The detailed analyses of variant categories provide insights into the magnitude of effects of different kinds of variant in different genes, along with information about their cumulative frequencies. One feature of note is the heterogeneity of effects between genes. For example, for LDLR nonsynonymous variants classified as probably damaging by PolyPhen are more strongly implicated and have a larger effect size than variants classified as deleterious by SIFT, but for PCSK9 this is not the case and only SIFT deleterious variants have an effect. For ANGPTL3 neither SIFT nor PolyPhen is helpful for identifying risk-associated variants. For most genes LOF variants have the largest effect size but this is not the case for ABCG5 in which LOF variants do not clearly have any effect and the signal is instead driven by specific splice region variants. This inconsistency of effects of different methods for weighting across different genes has been noted in a previous study [26]. A total of 43 different methods of predicting the pathogenic effect of nonsynonymous variants were compared across ten different genes associated with common phenotypes, including LDLR, PCSK9 and ANGPTL3. These results showed that while SIFT and PolyPhen performed reasonably well for some genes, other methods were better for other genes. However no single prediction method performed consistently well across all genes. Using additional prediction methods would introduce complications around correcting for multiple testing and interpretation of results but it seems that there is no single weighting system which would be optimal for all genes.
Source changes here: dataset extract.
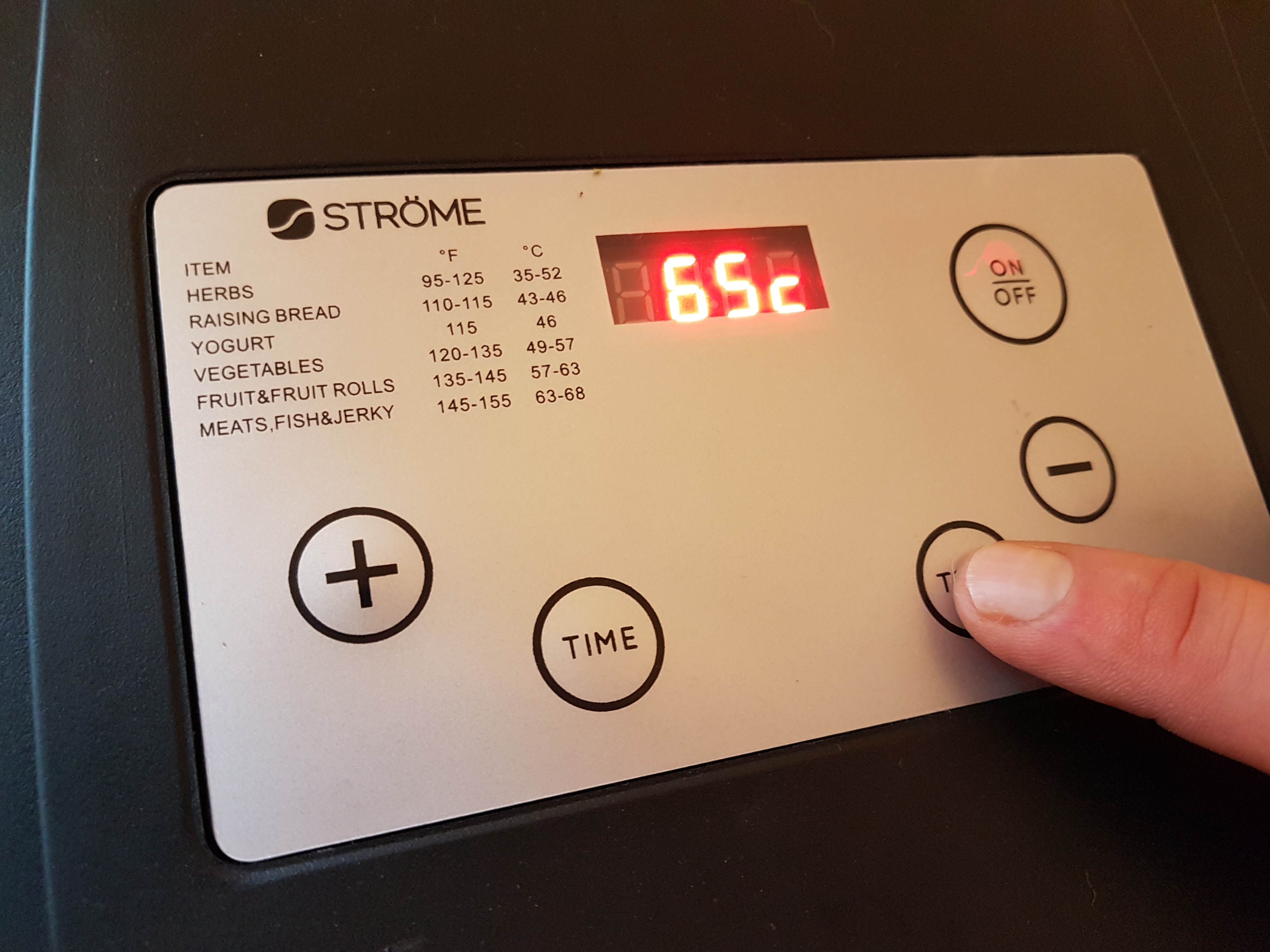 Vinkkinä; Kuivuri on nyt huimassa alennuksessa Verkkokaupassa, tarjous voimassa 31.10.2017 asti. (Ströme professional food dehydrator, normaalihinta 199,90 nyt 69,90). Lämpötilaa ja aikaa voi säätää, joten aika monikäyttöinen vempele näyttäisi olevan.

Using biobank data to identify genes influencing complex traits contrasts with the strategy of concentrating on individuals and families with extreme phenotypes who may harbour variants with quasi-Mendelian effects [27]. Ascertaining cases from biobank data can yield large sample sizes but with less severe and less well-defined phenotypes. The present study quantifies the effect on clinically relevant hyperlipidaemia risk of naturally occurring variation within the identified genes, along with their cumulative frequencies in a sample broadly representative of the population. The fact that people with severe, early onset cardiovascular disease might have been less likely to survive to be recruited into UK Biobank may mean that the magnitude of effect of some variants on risk is somewhat underestimated, but this does not seem likely to be a major consideration. Variants with large effect sizes are very rare. Around 10,000 participants carry a variant in a category with a moderate effect on risk, i.e. with OR below 0.7 or above 1.4, but it is debatable how relevant such effects would be for quantifying individual risk in the context of personalised medicine. Additionally, we may note that, although formal analyses were not carried out, the individual allele frequencies of these variants would be too low to have an appreciable effect of any common variants which might be in linkage disequilibrium with them, such as could be detected in genome-wide association studies. It seems that the main value of identifying coding variants associated with risk is to clarify the pathophysiological mechanisms influencing risk of hyperlipidaemia in order to support the development of novel therapeutic approaches.